In terms of its contents, this book consists of 300 pages of someone giving their unasked for spiritual advice on how to engage in works righteousness and more or less earn their way into God’s good graces. Throughout the book one gets the distinct feeling that the author is trying to promote an almost Roman Catholic spirituality under another name, for popery was looked down upon in the 18th century England when the author wrote. The chapters contain various calls to overcome the materialism of life and devote oneself to prayer and extreme personal piety through various object lessons taken from the author’s views of the people of his own time, some positive and mostly negative and all of them given some kind of odd Greek or Latin-based name in order to avoid the inevitable lawsuits for libel that would have resulted had the author spoken about them by their name. The result is a book that drags on and tends to be written deliberately to provoke the reader into some sort of attempt at self-justification in the face of the author’s attacks, ending with a few chapters that appear to be encouraging the reader to set up a personal devotional habit that resembles the monastic prayers of the Middle Ages, although the author is not intellectually honest enough to tell his readers that he is promoting prayers on prime or vespers or something else of that nature.

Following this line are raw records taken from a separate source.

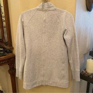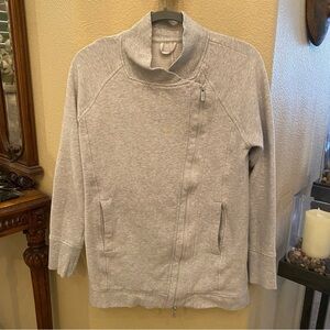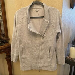 Pre-owned in great condition with no rips or stains. Women’s light gray Back To It Wrap zipped jacket. Great everyday wear. Missing size and material tag inside. Looks like it fits a size 8. Please check measurements. Comes from smoke and pet free home.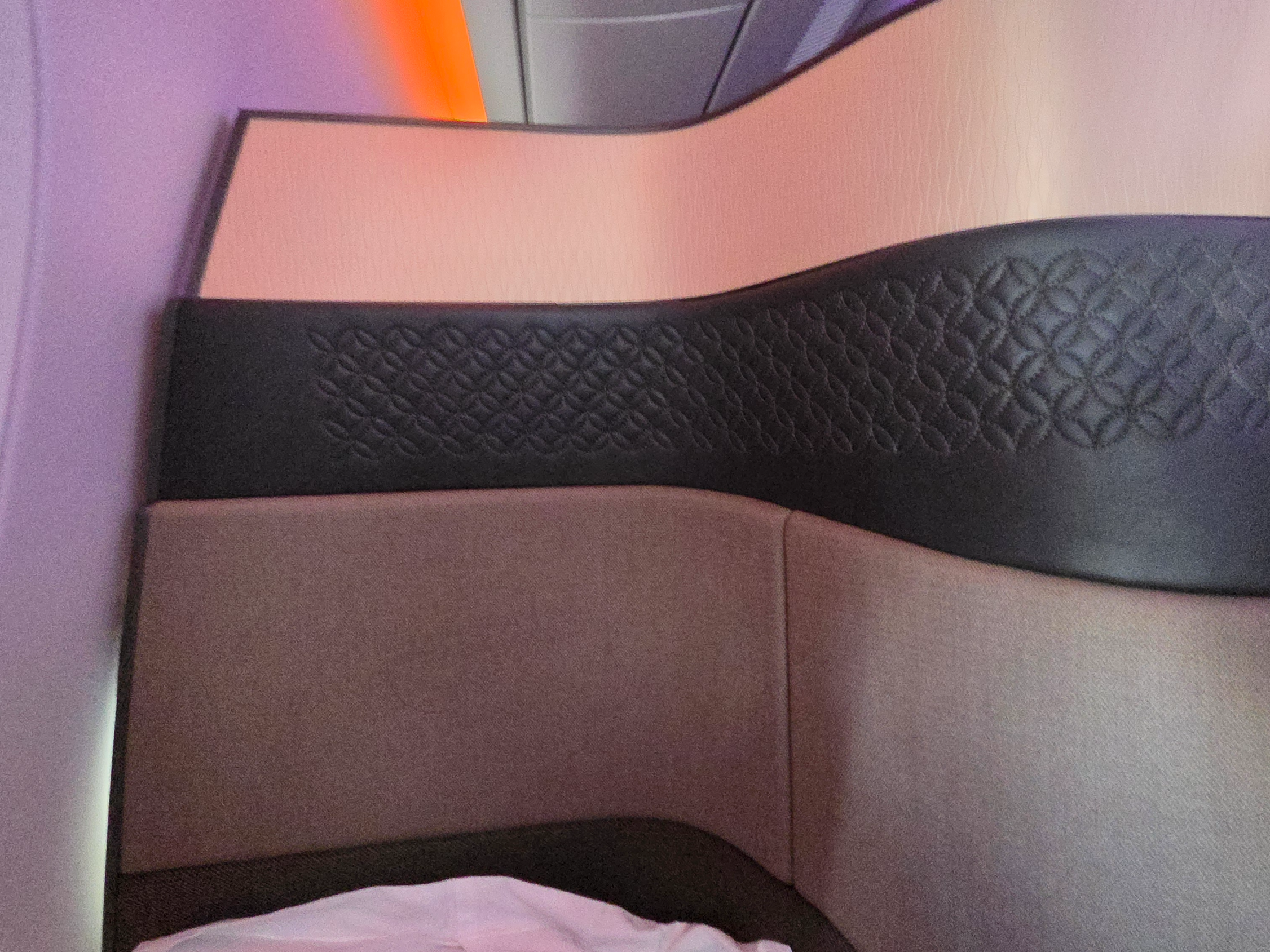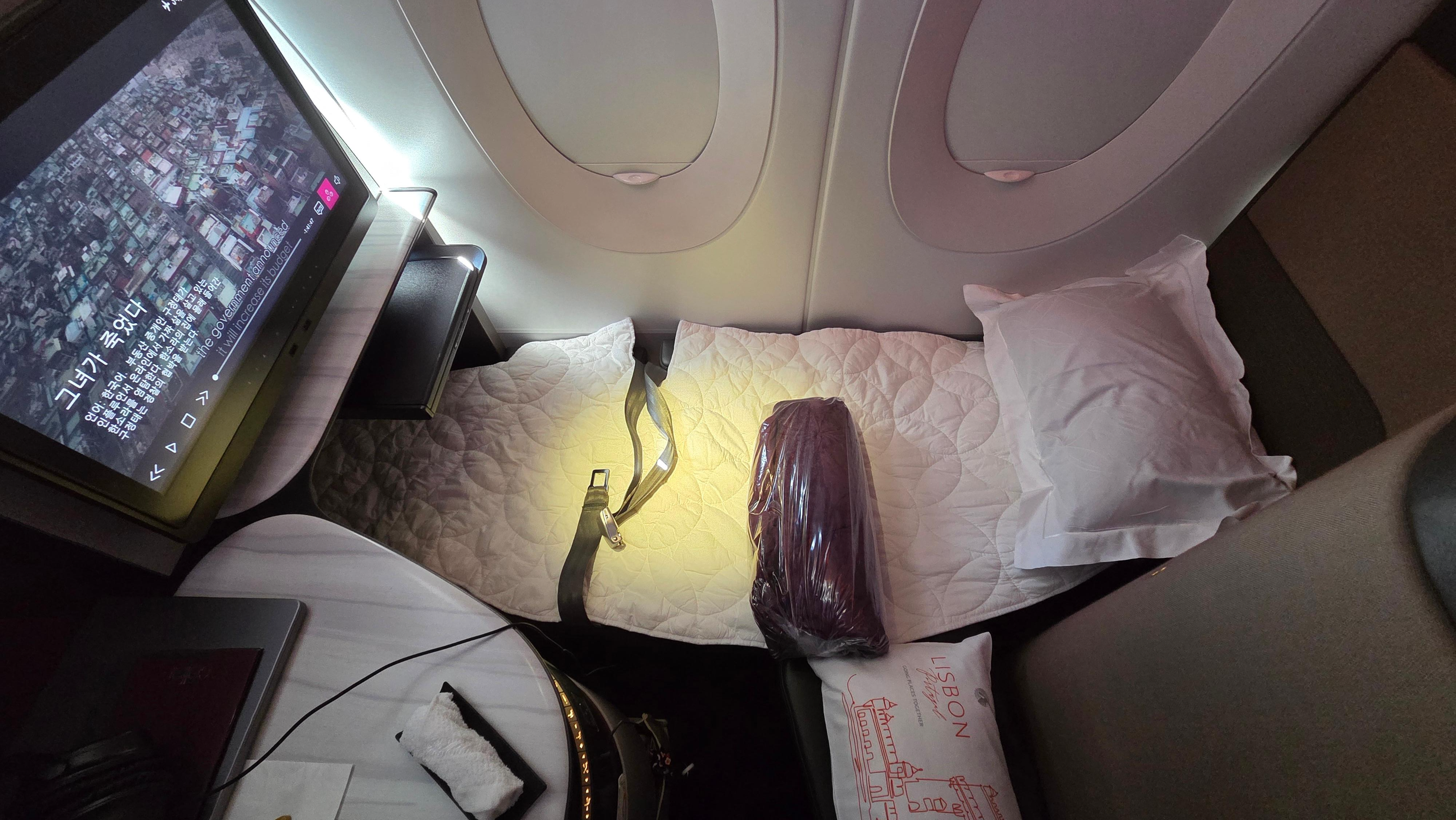 카타르 항공 A350-1000 비즈니스 클래스 Q스위트 좌석을 눕혔을 때 3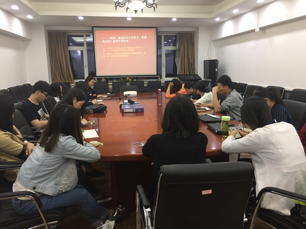 接下来,开展“微党课”专题学习活动,分别由辅导员郑臻及三位支部委员针对学习内容作了报告。首先,辅导员郑臻结合习近平总书记系列重要讲话相关论述,对“民粹主义”进行了深刻的分析,主要讲解了其历史沿革、概念定义、具体案例等,让同学们对于民粹主义有了更深一层的理解。接着,支部书记王瑞珂针对本支部“两学一做”的基本安排进行了发言,她通过PPT向大家介绍了“两学一做”的上级党委精神,并对相关部署进行了解读。通过她的报告,与会全体党员对于“两学一做”有了一个清晰的认识。最后,分别由杨磊、赵佳宁两位同学针对“党的廉政建设”作了报告,旨在提高同学们的思想觉悟,加强自身党性修养。

So, if this book is such a chore to get through and is written so unpleasantly, what about it is worthwhile to read? There are at least some praiseworthy aspects of this book. The author’s goals of supporting social causes is notable and worthy, and the author has a high view of the spiritual capabilities of women and appears to have risen above much of the casual sexism of his time, which is praiseworthy. Most of all, though, is that this book serves us as reminder of what we can be when we let our own thoughts of personal piety overcome any sort of concern for the well-being and respect for the freedom of others. This book is like a post stuck in the water telling us that shoals or reefs are ahead and that if we want to safely travel through the seas of our lives without encountering shipwreck we should avoid sailing in that direction. Sometimes knowing what spirituality to avoid in our lives, including the self-righteous condemnation of others who are at last as righteous as ourselves, is as important to be aware of as the sort of spiritual practices and disciplines we should appreciate. This is the work of an ascetic whose writings seem almost Gnostic in their distaste for God’s physical creation, and as a warning of what we are to avoid in our own spiritual life this book is certainly an achievement, although not necessarily an achievement someone would prefer to write.